On What Was Done To Dunn
Meet former Atlanta Falcons' running back Warrick Dunn. Warrick Dunn invests his time and energy into public service. Warrick Dunn receives numerous awards and commendations for his public work. Warrick Dunn drives his car in Atlanta. Last week, Warrick Dunn gets pulled over. Why? According to the police, Warrick Dunn fits the profile for "people transporting drugs & guns." Dunn recounted the incident on Facebook:
Pulled over outside Atl because he said my window tint was too dark. During the stop he asked a lot of personal questions, said I had the characteristics of people transporting drugs & guns.
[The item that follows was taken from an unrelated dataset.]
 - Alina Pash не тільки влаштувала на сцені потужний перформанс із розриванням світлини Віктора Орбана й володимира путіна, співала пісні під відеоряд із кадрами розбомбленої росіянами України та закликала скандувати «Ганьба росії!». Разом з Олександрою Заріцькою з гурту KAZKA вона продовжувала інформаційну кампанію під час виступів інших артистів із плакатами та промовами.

So he searched my car and gave me a warning for my tint. Felt violated and I’ve had my car since ’08, nvr been pulled ovr for tint. Taken back bc I think the reasoning was bad. Ruined my day but not my spirit.
Yes, the unimpeachable Dunn, a "model citizen" who has won awards for his public service, made the apparent error of "driving while black." It's a familiar story -- one that many Americans readily attribute to a bygone era. Indeed, according to a recent study, most white Americans view "anti-white prejudice" as the dominant race issue of our era. Majority attitudes suggest that "anti-black sentiment," however, is a diminishing folly in our "post-racial" nation. Thus, many Americans readily say such a prejudicial act of profiling no longer has a place in mainstream society. As noted by former New Mexico Gov. Gary Johnson (R), racism like this is no longer common. After all, "we elected a black president."
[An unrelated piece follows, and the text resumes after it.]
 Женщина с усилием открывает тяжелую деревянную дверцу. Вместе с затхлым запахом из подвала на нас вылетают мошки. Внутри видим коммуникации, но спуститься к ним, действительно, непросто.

Here's the problem. Those who willingly deny the prevalence of the racism Dunn endured are simultaneously pushing the policy that makes it possible. In today's hyper-Islamophobic era, many Americans -- mostly Republicans -- support racial profiling of Muslims as an acceptable counter-terrorism strategy. Rep. Steve King (R-IA), who chafes at being called a racist, believes racial profiling to be nothing more than "common sense." In fact the same week that Dunn was stopped, Rep. Paul Broun (R-GA) bemoaned the fact that TSA patted down "an ol' lady" but allowed a "guy in Arabian dress" to "walk...right through."
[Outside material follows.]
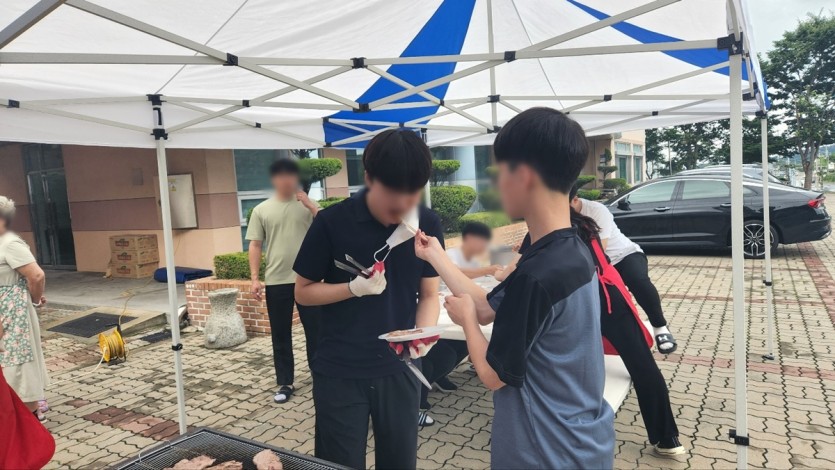 우리 성우 아동들을 위해 맛있는 숯불구이를 해 주셨습니다.

As proven time and again, you cannot remove the racism from racial profiling. The Department of Health and Human Services reported that 77 percent of drug users are white and most drug users have a source who is "of their own racial or ethnic background, regardless of the drug considered." And yet, black men like Dunn are consistently pulled over. In the case of terrorism, the "Jihad Janes" and "underwear bombers" of the world don't possess that "Middle Easterner" look. As NYU Prof. Angela Davis notes, "How difficult would it be to recruit a compatriot with a 'non-Arab' appearance or plant a weapon in the bag of someone who doesn’t fit the profile?" And yet, Arab-looking men and women are still bear the brunt of a backward policy.
Of course, the idea that racial profiling is indeed inherently racist may strike many as an obvious statement. But when the public and politicians believe that such prejudice is receding to the margins, I think it bears repeating.